Tested under: OEL 7-9/RHEL 7-9/CENTOS 7,8, x86_64
Packaged: via official RPM and self compiles
Agent2 Versions Tested: 6.2+ unti 6.4.3


Attachments: JPEG File RRR.jpg     PNG File Screenshot 2023-07-12 at 09.12.41.png     PNG File graph-1.png     PNG File graph-2.png     PNG File graph.png     PNG File graph2.png     PNG File graph_2.png     PNG File heap_in_use_12_hr_2.png     PNG File heap_in_use_12hr.png     PNG File image-2023-07-06-14-39-44-738.png    
Issue Links:
Causes
Duplicate
is duplicated by ZBX-23349 Potential Memory Leak in Zabbix Agent2 Closed
Sub-task
depends on ZBX-23107 Small Memory Leak in Zabbix Agent 2 i... Closed
Team: Team C
Sprint: Sprint 104 (Sep 2023)
Story Points: 1

 Description   

Description:

There seams to be a Memory Leak in Agent V2 version.
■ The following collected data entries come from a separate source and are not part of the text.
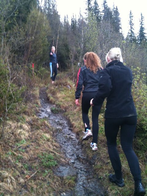 Löpning lett av Ann-Sofie Forsmark längs leriga stigar rakt upp för fjället, backinterballer och härligt flås inledde dagen. Skönt pass ihop med några tappra deltagare och duktig instruktör.
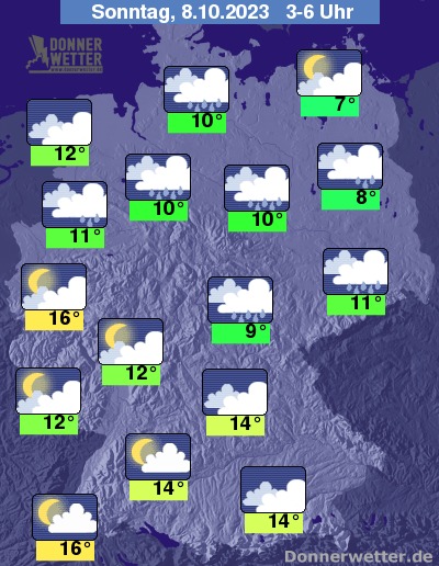 In der bevorstehenden Nacht ziehen dichte Regenwolken vom Norden bis etwa in die Mitte des Landes und in den Osten. Im Süden und Westen ist es noch oft locker, teils auch schon stark bewölkt, aber weitgehend trocken. Die Temperatur sinkt auf 16 Grad in Köln und 7 Grad in Rostock.
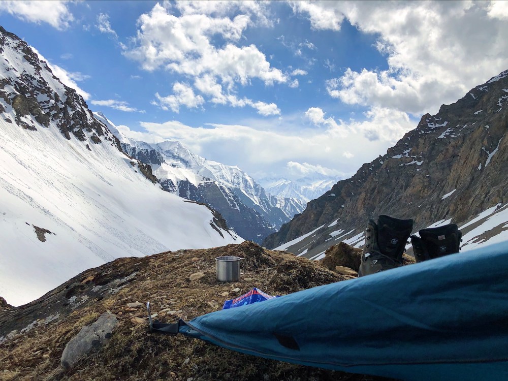 Pocasi je krasne a nas ceka nejtezsi cast vystupu na Baga La … nejprve priblizeni – asi hodina svizne chuze a trocha stoupani, potom vysvih na 500 m vysoky utes a pote dalsi stoupani zasnezenym zlebem do high campu. Tam prespime ve stanu a pokusime se o letosni prvovystup do sedla Baga La. Jeste nikdo sedlo letos nevysel … tak batohy na zada a s osmou rano vyrazime.
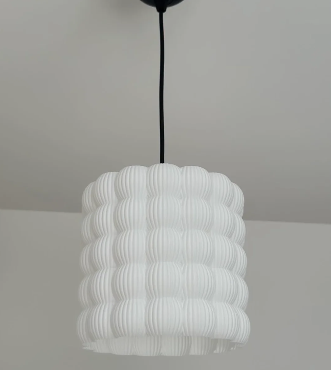 Caractéristiques principales Effet lumineux doux : le matériau translucide diffuse une lumière homogène, idéale pour le salon, la chambre ou la salle à manger. Reliefs striés et modules arrondis pour une présence sculpturale même lorsqu’elle est éteinte. Fabrication légère & résistante : abat-jour en polymère haute qualité (léger, facile à nettoyer). Installation simplifiée : câble électrique gainé noir, rosace de plafond métallique incluse.

How massive it is, will depend on how many logfiles and aggressivly are going to be monitored.

Currently we need to restart the Agent multple times a Day.

Tests already tried:

  • Disable/Enable Agent encryption, no change
  • BufferSize = 1, will slow the issue
  • Work with PersistentBuffer, no change
  • Increased Plugins.Log.MaxLinesPerSecond to 150,500,1000, no change
  • reduced to one Logfile in Monitoring (it needs some time, but also increased slowly) ~1h
  • memleax says:
CallStack[12]: may-leak=66 (4833 bytes)
 expired=66 (4833 bytes), free_expired=0 (0 bytes)
 alloc=452 (33265 bytes), free=275 (20277 bytes)
 freed memory live time: min=0 max=4 average=0
 un-freed memory live time: max=15
 0x00007f4c2e467740 libc-2.17.so malloc()+0
 0x0000000000bd52e7 zabbix_agent2 zbx_malloc2()+103
 0x0000000000aa0b43 zabbix_agent2 __zbx_zabbix_log()+245
 0x0000000000bf4039 zabbix_agent2 process_log_check()+12265
 0x0000000000aa17c9 zabbix_agent2 _cgo_c762f3fe2651_Cfunc_process_log_check()+160
 0x000000000048b304 zabbix_agent2

 

Measurement:

 watch -n 1 "pmap -x $(pgrep zabbix_agent2) | tail;echo; ps -Tf -p $(pgrep zabbix_agent2) | wc -l" 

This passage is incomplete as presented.